Super Mario Brothers Candy by sonson

Here’s a quick post on an imperfect start to using video games in the classroom for teaching the soft-skills necessary for collaboration in a manner (hopefully) authentic and relevant to students’ media experience.

  • Teams of 3-4 students played New Super Mario Bros. Wii at a classroom station.
  • Teams were asked to win the most levels possible with the fewest lives lost in 20 minutes.
  • A teacher kept track of lives lost and levels won on a graphic organizer and took notes, as well, about groups’ pro- and anti-social behavior.
  • Lives could also be lost on paper for trash-talking.
  • Trash-talking was addressed whenever it occurred, and serial trash-talkers were asked to stop playing.
  • The group with the lowest lives lost to levels won ratio was awarded 3 lunch periods on the Wii.

Here are our results (lives lost:levels beat, reduced to the lowest equivalent ratio):

  • Group 1 – 10:1
  • Group 2 – 6:1
  • Group 3 – 50:1
  • Group 4 – 22: 1
  • Group 5 – 15:1
  • Group 6 – 10:1

Here are comments from the groups with the lowest and highest ratios, respectively:

  • Comments from Group 2: “Backed up to easier levels; good teamwork and talk; [Student A] led them through the levels and made sure all followed.”
  • Comments from Group 3: “Students fought each other and never started working together.”
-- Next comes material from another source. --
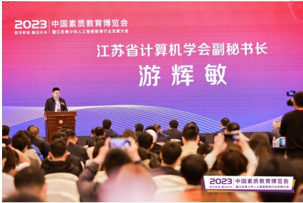 全國工商聯(lián)民辦教育出資者商會會長翟志海會長,江蘇省科協(xié)黨組成員、副主席李千目,全國工商聯(lián)宣教部一級巡視員李忠春,江蘇省科協(xié)二級巡視員李政,江蘇省青少年科技教育協(xié)會競賽部部長,江蘇省計算機學會副秘書長游輝敏等相關(guān)領(lǐng)導嘉賓主席,會議圍繞“數(shù)字教育 融創(chuàng)未來”為主題,大會包含特邀報告、論文報告、江蘇省計算機科普基地授牌儀式,及年度相關(guān)表彰活動等多項內(nèi)容,為與會代表提供豐富的交流平臺:致力于交流素質(zhì)教育、人工智能教育等相關(guān)領(lǐng)域的研究成果及經(jīng)驗,探討關(guān)鍵性挑戰(zhàn)問題及解決方案。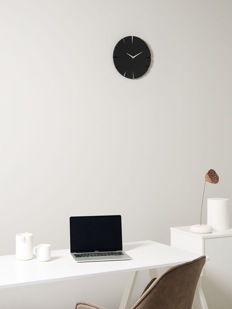 Часы Wallice — это чистая эстетика с ноткой легкой футуристичности. Это минималистично переосмысленная классика: настенные часы в тотальном монохроме с аккуратными отметками для индикации времени и контрастными стрелками освобождены от всего лишнего, а потому впишутся в любой современный интерьер.

I can see that Group 3 needs some social stories work before playing together again, and that the difference between Groups 2 and 3 wasn’t necessarily the amount of communication, but the type of communication that went on between group members.  Before the next contest, I’ll use the data and observations from this activity to pose questions for students about the value of strategic thinking, positive communication, and leadership to social learning.  To help make the discussion more personally meaningful to students, I might begin by asking students to figure out the ratios and results from the data after I make it anonymous.

What do you think?  Does the competition undercut the collaboration?  Is the reward appropriate? I’ll follow up later so we can see where the activity goes and whether or not it impacts soft-skills and collaboration in the classroom.